---------- Data in this exercise ----------

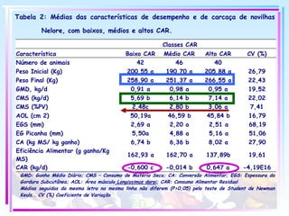 O documento discute o consumo alimentar residual como uma medida alternativa de eficiência alimentar em bovinos de corte. Ele explica que o consumo alimentar residual é calculado subtraindo-se o consumo observado do consumo estimado com base no peso vivo médio, ganho médio diário e composição corporal. Animais mais eficientes tendem a ter consumo alimentar residual negativo. A seleção para baixo consumo alimentar residual tem potencial para melhorar a eficiência alimentar de forma independente de outros fatores.
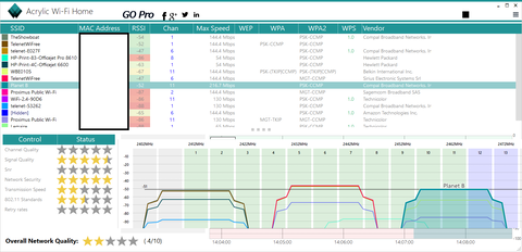 - Az InSSIDer Lite változata egy regisztráció után mutatja az egyes csatornákon a forgalmat.
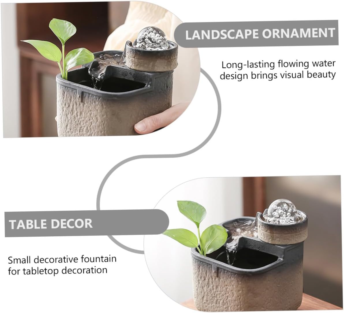 Package Include 1 x Flowing Water Decoration 1 x USB Plug Characteristics - Size: About 17.00X13.00X13.00cm/6.68X5.11X5.11in Fountain Adornment - Material: Ceramic Table Decor -Product Info:Ceramic flowing ornaments - It is a nice housewarming, birthday or New Year gift for your friends and family members Water Running Ornament. - Made of ceramic, very and reliable for a long period Office Ornament. - Suitable for bedroom, living room, restaurant banquet, etc Waterfall Adornment. - Small decorative fountain for tabletop decoration Desktop Fountain Decor. - flowing water design brings visual beauty, soothes emotions and reduces stress Landscape Ornament.Goods DescriptionDesktop Ornament It is made of , which can withstand the lasting use.Waterfall Adornment Are you looking for a delicate ornament for your desktop? Do you want an ornament which is creative and unique? If your answer is yes, you should come and take at this product.Desktop Decor The material enjoys the high durability, not easy to deform or break
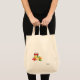 The printing came out very well, better than I had anticipated. The natural color fabric is sturdy with strong seams and comfortable handles. This tote fits easily over my shoulder. As it is filled, the bottom flattens out--very cool! I would buy this product again. This grocery tote holds a lot of groceries! The image quality was very good. The colors were a little darker than I had expected. The darkness may have been due to printing on a natural color fabric rather than on white. The cat design is attractively centered on the tote. The spirit of the design is very lively, just as it appears on the Zazzle website.
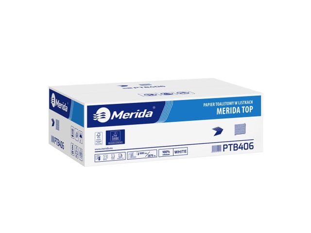 MERIDA TOP toilet paper in sheets, white, V-folded, carton 9000 pcs. (40 packs of 225 pcs.), 2-ply, cellulose, whiteness 84%, ECOLABEL
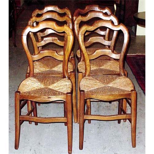 A wonderful Set Of Walnut 19th Century French Side Chairs With Rush Seats
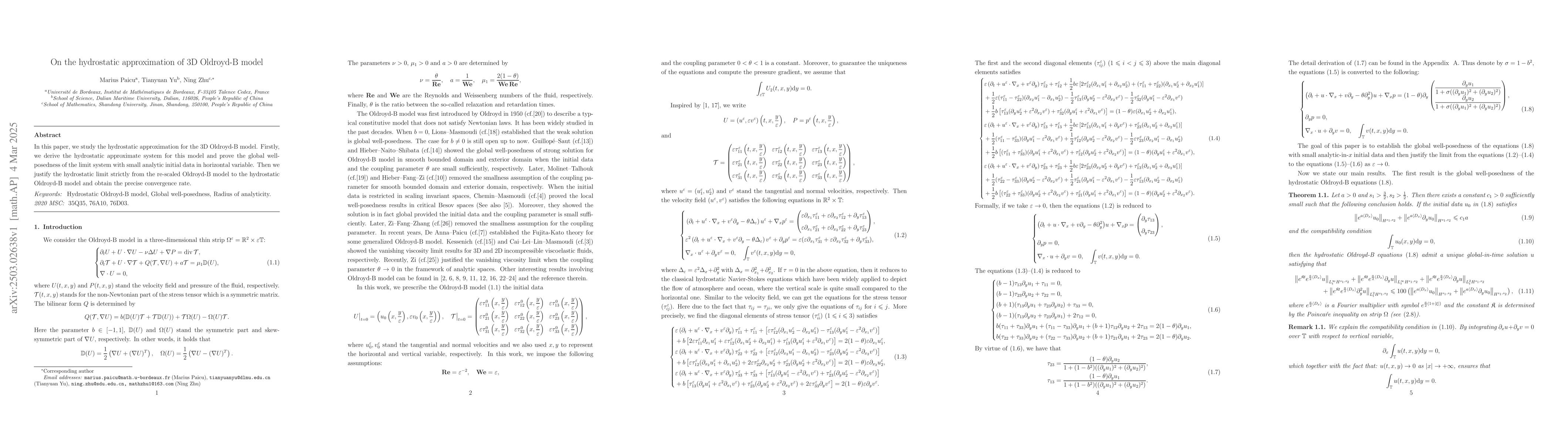 The paper presents a rigorous mathematical proof of hydrostatic limit and convergence rate for the 3D Oldroyd-B model, providing a solid theoretical basis for hydrostatic approximations in fluid dynamics.
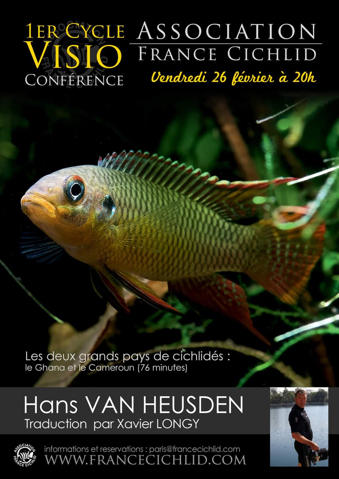 Comme convenu lors de l’assemblée générale, Nous allons proposer aux adhérents un cycle de conférences sur Zoom. La première aura lieu le 29 janvier et portera sur deux thèmes : Boulengerochromis microlepis et Amatitlania nanolutea par Hans van Heusden. Comme pour l’assemblée ces conférences seront réservées aux adhérents et il vous suffit de vous rapprocher de votre responsable de région (Ou Damien Dubray /Stéphane Audigou si vous n’avez pas de réponse assez rapidement) pour obtenir le lien de la conférence…. Deux autres sessions par le même conférencier mais sur d’autres sujets sont prévues en février et mars. Merci.
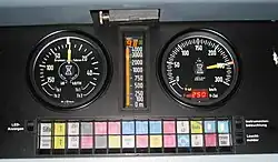 Modulární displej strojvedoucího (MFA) v ICE 2 v režimu LZB. Skutečná, maximální i cílová rychlost je 250 km/h, vzdálenost cíle 9800 m.
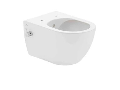 Стенна тоалетна чиния Hill 36/52/h35см. Rimless без ръб порцеланова бяла (гланц) с биде система вграден смесител за топла и студена вода A031155H Забележка: окомплектова се с капак

----------

Directions —
Output each entry verbatim; none of the pictures should be included.

Answer to this task —
 O documento discute o consumo alimentar residual como uma medida alternativa de eficiência alimentar em bovinos de corte. Ele explica que o consumo alimentar residual é calculado subtraindo-se o consumo observado do consumo estimado com base no peso vivo médio, ganho médio diário e composição corporal. Animais mais eficientes tendem a ter consumo alimentar residual negativo. A seleção para baixo consumo alimentar residual tem potencial para melhorar a eficiência alimentar de forma independente de outros fatores.
 - Az InSSIDer Lite változata egy regisztráció után mutatja az egyes csatornákon a forgalmat.
 Package Include 1 x Flowing Water Decoration 1 x USB Plug Characteristics - Size: About 17.00X13.00X13.00cm/6.68X5.11X5.11in Fountain Adornment - Material: Ceramic Table Decor -Product Info:Ceramic flowing ornaments - It is a nice housewarming, birthday or New Year gift for your friends and family members Water Running Ornament. - Made of ceramic, very and reliable for a long period Office Ornament. - Suitable for bedroom, living room, restaurant banquet, etc Waterfall Adornment. - Small decorative fountain for tabletop decoration Desktop Fountain Decor. - flowing water design brings visual beauty, soothes emotions and reduces stress Landscape Ornament.Goods DescriptionDesktop Ornament It is made of , which can withstand the lasting use.Waterfall Adornment Are you looking for a delicate ornament for your desktop? Do you want an ornament which is creative and unique? If your answer is yes, you should come and take at this product.Desktop Decor The material enjoys the high durability, not easy to deform or break
 The printing came out very well, better than I had anticipated. The natural color fabric is sturdy with strong seams and comfortable handles. This tote fits easily over my shoulder. As it is filled, the bottom flattens out--very cool! I would buy this product again. This grocery tote holds a lot of groceries! The image quality was very good. The colors were a little darker than I had expected. The darkness may have been due to printing on a natural color fabric rather than on white. The cat design is attractively centered on the tote. The spirit of the design is very lively, just as it appears on the Zazzle website.
 MERIDA TOP toilet paper in sheets, white, V-folded, carton 9000 pcs. (40 packs of 225 pcs.), 2-ply, cellulose, whiteness 84%, ECOLABEL
 A wonderful Set Of Walnut 19th Century French Side Chairs With Rush Seats
 The paper presents a rigorous mathematical proof of hydrostatic limit and convergence rate for the 3D Oldroyd-B model, providing a solid theoretical basis for hydrostatic approximations in fluid dynamics.
 Comme convenu lors de l’assemblée générale, Nous allons proposer aux adhérents un cycle de conférences sur Zoom. La première aura lieu le 29 janvier et portera sur deux thèmes : Boulengerochromis microlepis et Amatitlania nanolutea par Hans van Heusden. Comme pour l’assemblée ces conférences seront réservées aux adhérents et il vous suffit de vous rapprocher de votre responsable de région (Ou Damien Dubray /Stéphane Audigou si vous n’avez pas de réponse assez rapidement) pour obtenir le lien de la conférence…. Deux autres sessions par le même conférencier mais sur d’autres sujets sont prévues en février et mars. Merci.
 Modulární displej strojvedoucího (MFA) v ICE 2 v režimu LZB. Skutečná, maximální i cílová rychlost je 250 km/h, vzdálenost cíle 9800 m.
 Стенна тоалетна чиния Hill 36/52/h35см. Rimless без ръб порцеланова бяла (гланц) с биде система вграден смесител за топла и студена вода A031155H Забележка: окомплектова се с капак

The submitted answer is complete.